La La Land isn’t the first movie to borrow its approach from Demy’s musical, by the way. Woody Allen also made a low-key musical featuring non-professional singers in 1996, with Everyone Says I Love You.
And Allen is another auteur (excuse me) who has the tendency to make films that are as great as they are galling, and who has the tendency to overstuff his films with his inspirations (at times even seeming to scream: “NOW I AM INGMAR BERGMAN!” “NOW I AM DOING A JAZZ!” “NOW THIS WOMAN IS BEING VERY ATTRACTIVE TO ME AND I THINK WE CAN ALL AGREE ABOUT THAT!”). Allen can be virtuosic, too, and so we’re occasionally left in the awkward position of loving his movies in spite of ourselves. That’s the flip side of Commoli’s coin: that if an auteur can get away with fakery when he’s at his best, that can also make such directors think that such tricks and would-be flaws aren’t really their problem. And of course, that’s only true sometimes; it’s only true when it’s true.
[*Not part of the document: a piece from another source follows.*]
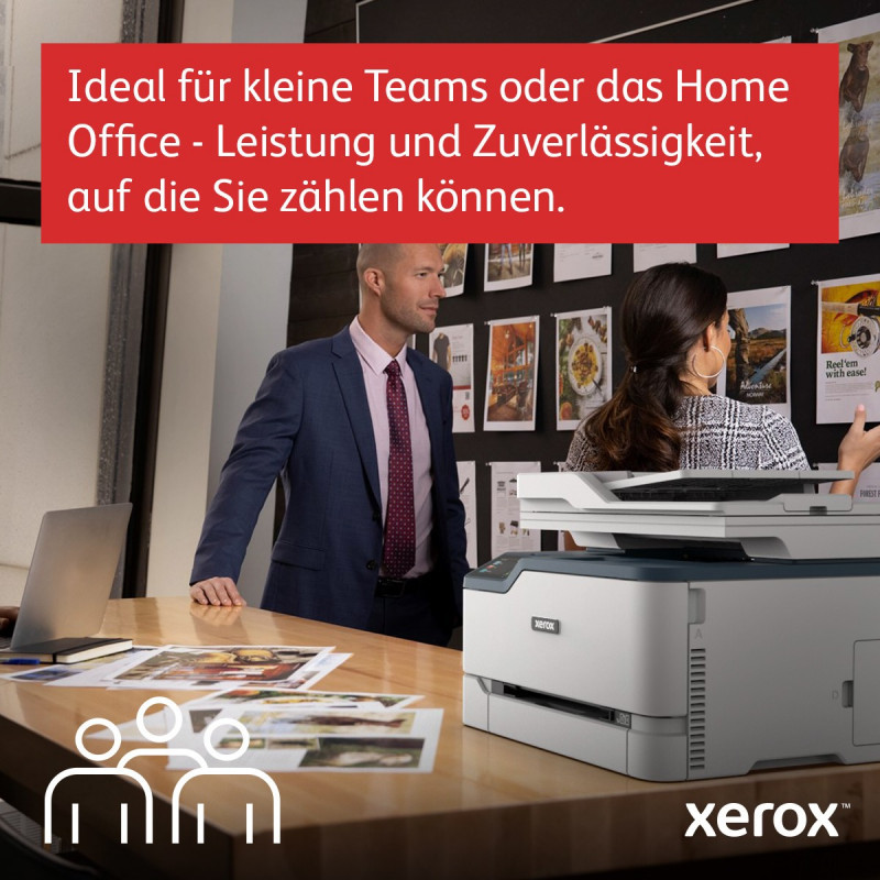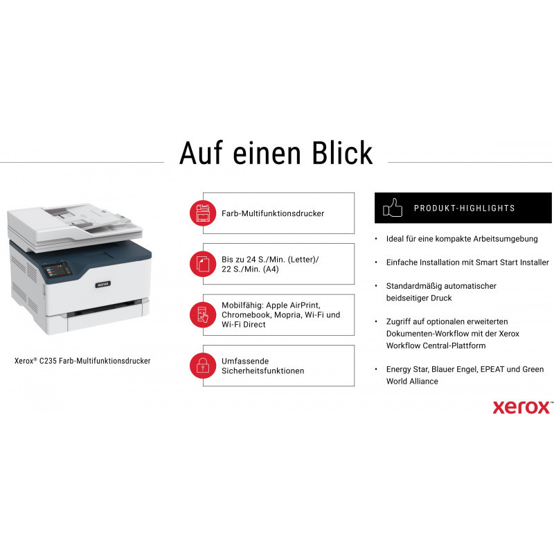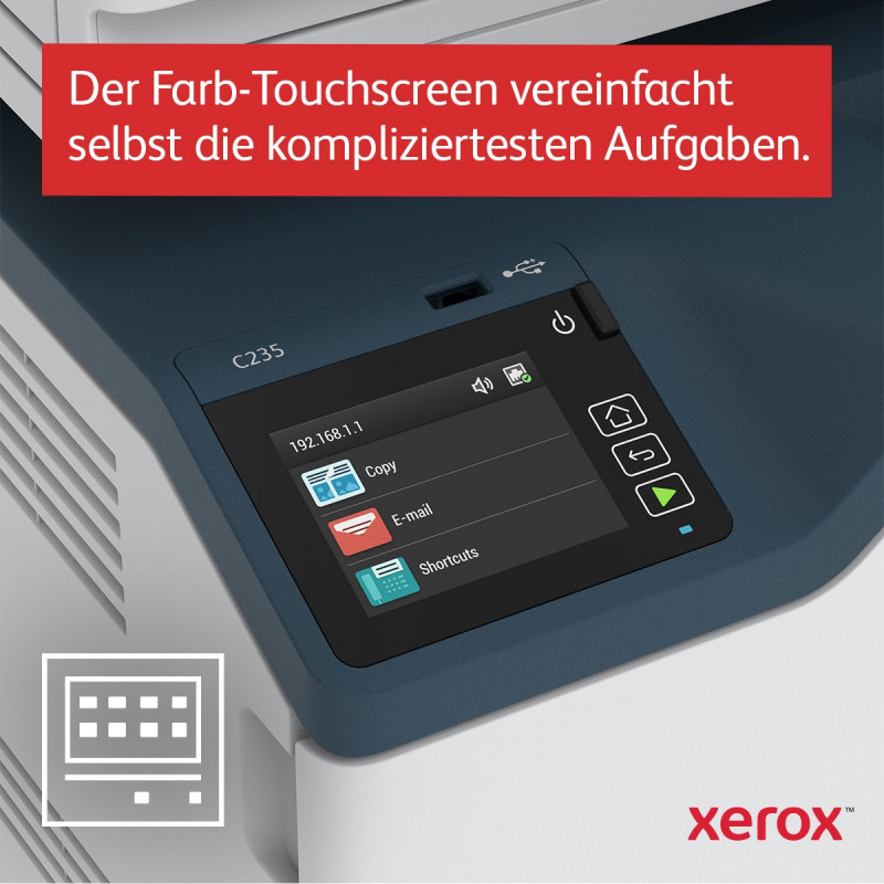 "Xerox C235 A4 22ppm Wireless Copy/Print/Scan/Fax PS3 PCL5e/6 ADF 2 Trays Total 251 Sheets. Print technology: Laser, Printing: Colour printing, Maximum resolution: 600 x 600 DPI, Print speed (colour, normal quality, A4/US Letter): 22 ppm. Copying: Colour copying, Maximum copy resolution: 600 x 600 DPI. Scanning: Colour scanning, Optical scanning resolution: 600 x 600 DPI. Faxing: Mono faxing. Duplex functions: Copy, Fax, Print. Maximum ISO A-series paper size: A4. Wi-Fi. Direct printing. Product colour: Blue, White"\n"The affordable Xerox C235 Color Multifunction Printer is built for fast,nimble offices and home offices that need a color printer that can keep up with them. Easy to set up with Xerox® Smart Start Software and ready to work hard right out of the box. This device was designed for high-demand print environments, with 2.4-inch color touchscreen user interface, 50-sheet automatic document feeder, automatic 2-Sided printing on letter and legal size paper with standard paper capacity of 250 sheets. Built-in wireless and Wi-Fi Direct functioN/Ality lets you print directly from mobile devices and tablets. Designed with a recommended monthly print volume of up to 1,500 pages per month, a 1 GHz dual core processor, 512 MB memory, and print speeds up to 24 Letter pages per minute/ 22 A4 pages per minute the C235 is a workhorse. Do more with optioN/Al Xerox Workflow Central, allowing you to convert documents into other languages, change handwriten messages into shareable text documents, create audio files of hardcopy to listen to on the go, automatically redact content, and convert scans into Microsoft Office Applications. Achieving EPEAT certification means the C235 meets comprehensive criteria for design, production, energy use, and recycling. And our Green World Alliance program offers hassle-free toner cartridge recycling."

Good Movies, Great Movies, and the Limits of Imitation
Movies don’t need to be virtuous to be good (although there are obviously many ways in which moral failures are identical with aesthetic failures, such as in the failure to take a certain kind of character as seriously as another, different type).
Movies also don’t need to be original to be good. (Tarantino lives on pastiche, Kurosawa thrives in translation (in both directions); and Soderbergh loves homage.). And movies don’t need to be substantial to be good, or engaged, or serious, or anything else, so long as they force us to surrender to whatever it is that they are.
And it’s that issue of surrender that matters most here. Because Damien Chazelle, like Woody Allen, like Clint Eastwood, has an acute problem with getting out of his own way.
Chazelle clearly loves and respects musicals in much the same way that Seb loves the real jazz, and I sincerely believe that his own love is both authentic and, at times, overwhelming. But if all that an artist can say to his beloved art is “I love you,” and “You’re beautiful,” those sentiments are going to ring hollow after a while—even if they’re true. (It’s the problem of the cracked kettle drum again.) Love alone isn’t enough. And that, in the end, is the problem.
Which brings me back to politics. La La Land was never supposed to be a resistance film, but a lack of resistance—an inability or an unwillingness to push back against its influences—is also the thing that holds it back from achieving real genius, and that pulls it back from the heights that Demy had reached with Umbrellas—from the heights of a simple “I love you.”
If La La Land wins Best Picture, I might be annoyed, but I certainly won’t be upset. It’s an excellent movie in a year of excellent movies (and also Passengers). But at a time when cynicism seems to be having such a corrosive influence on our media, politics, and culture, it’s reassuring to recognize how something like a moral flaw can compromise even so small a thing as a very pretty, very moving picture.
Maybe those Cahiers guys weren’t so bad after all. (Long live the real cinema!)